2. You are asserting that covenant or none, when sex happens, with or without intent, marriage officially starts?
The answer to the "without intent" phrase in #2, though, is, "No." Rape is right at the top of the list of heinous examples of adultery, and, practically speaking, no rapist should be left above ground to whom his victim could be forced to marry.
Or
3. Prostitution, shacking up, disrespectful immature disregard of fellow high school students, or adultery, it appears that you do not categorize these as marriage, correct?

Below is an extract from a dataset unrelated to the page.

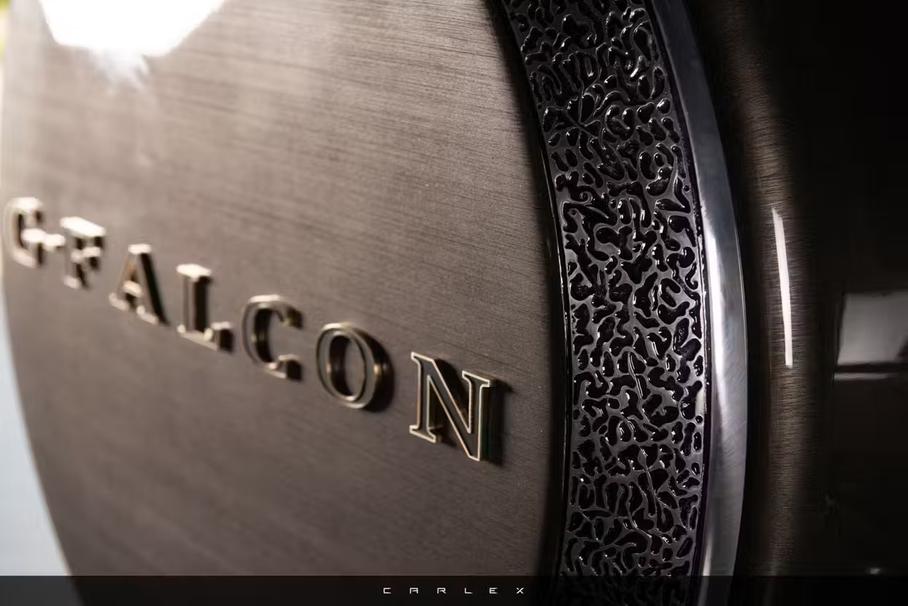 G-Falcon дополнен карбоновым обвесом, который включает в себя передний и задний бамперы, решётку радиатора, накладки на колёсные арки и пороги — как и вся остальная часть кузова, не покрытая гравировкой, они украшены алмазной пылью. На весь кузов её ушёл килограмм! Также машина получила новые колёса, окрашенные в цвет кузова.

However, to #3 I answer, "Yes," with certain allowances for working out the often twisted logistics in cases of adultery. There is profound disrespect of both God and the person with whom we engaged in sexual intercourse without a commitment to be permanently bonded. With adultery, the situation would almost have to be negotiated along with other affected individuals in order to determine how to formalize marriage relationships going forward in order to maximize people taking long-term responsibility for their actions. With the others, though, the only reason why people
don't take on the marriage commitment after sexual intercourse is that, within a culture, the majority silently agree to wink, nod and look the other way about it. Entirely eliminating those disrespectful sexual behaviors might be a fool's errand, but, on the other hand, behavioral scientists have already provided evidence that re-stigmatizing any of those choices would be an effective deterrent for most people.
And I believe it's always important to avoid conflating conversations about what God wants with conversations about whether or not human beings are going to misbehave. However, just because most of us consistently exceed the posted speed limits doesn't mean that those who set them didn't want us to follow them.